Şunu söylememde fayda var; tahmin ediyorum 12 sene önce bir üniversite konuşmasına gittiğimde, geleceği şekillendirmekle ilgili bir konuşma yapmıştım. O günlerde anlattıklarımın çok uzun vadeye yönelik senaryolar olmamasına rağmen, kısa vadede etkisi olacak bu konulardan çok haberdar olunmadığını görmem, daha çok konuşma yapmak, gerek üniversitelerdeki gerekse iş dünyasındaki gençler ile daha çok birlikte çalışmak için beni iten nedenlerden biri oldu. Tecrübelerim, içinde bulunduğum ortamlar ya da gördüğüm şeyler vardı. O zaman bunları anlatmak lazım dedim. Anlatmak öğretmek anlamında değil, sadece soru işaretlerini ortaya koymak ve bunların cevaplarının peşinden gitmek isteyen insanlar için de yolu tarif etmek. Herkesin kendi öğrenme yöntemi var.
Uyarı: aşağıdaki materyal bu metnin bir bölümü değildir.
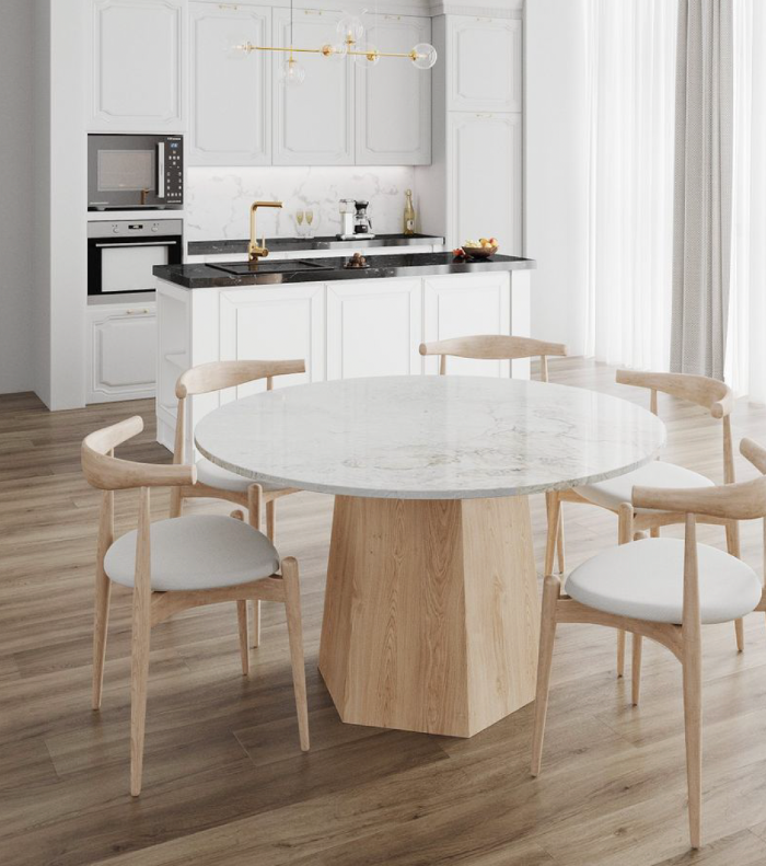 Due to the nature of the materials used, marble and wood may present variations in tone and veins, giving each piece a unique and exclusive character.

Ve kimse, diğeri bu yola çıkmadan, bir diğerine bir şey öğretemez. Genellikle birçok şeyin, bilindiğini varsayabiliyoruz. Oysa hepimizin, küçük veya büyük kendi hikâyelerimizden aktarabileceği çok şey var.
GELECEK HEYECANLANDIRIYOR
- Sizin için hayatın anlamı, özü nedir desem?
İmparatorluklardan bilim adamlarına, insanlık birbirinden bir mirası alıp üzerine ekleyip, bir başkasına devrederek gidiyor. Bu hepimiz için geçerli. Geçmişten bilgi, tecrübe gibi bir şeyleri devraldık şimdi de üretmeye ve üzerine bir şeyler koymaya ihtiyaç var. Dolayısıyla benim kişisel amacım; sadece sorularımla başkalarının içinde var olan potansiyellerini fark etmelerini sağlayacak, bu sayede imkânsız görünen şeyleri becermelerini sağlayabilecek ateşin yanmasına vesile olan kıvılcım olabilmek. Kendi imkânsızlarını gerçekleştirmelerine ve kendi hikâyelerini yazmalarına katkı sağlamaya çalışıyorum.
- Olmak istediğiniz ya da bulunmak istediğiniz bir dönem var mı hiç?
Kişisel ilgilerime bağlı olarak, olmak istediğim çok dönem var. Ama gelecek beni şu anda çok heyecanlandırıyor. “Bu nasıl olacak acaba?” diye merak ettiğim şeyler var. Evet, onun gerçekleştiğinde orada olmak güzel bir duygu. O yüzden geçmişten geleceğe olmak istediğim çok zaman var diyebilirim.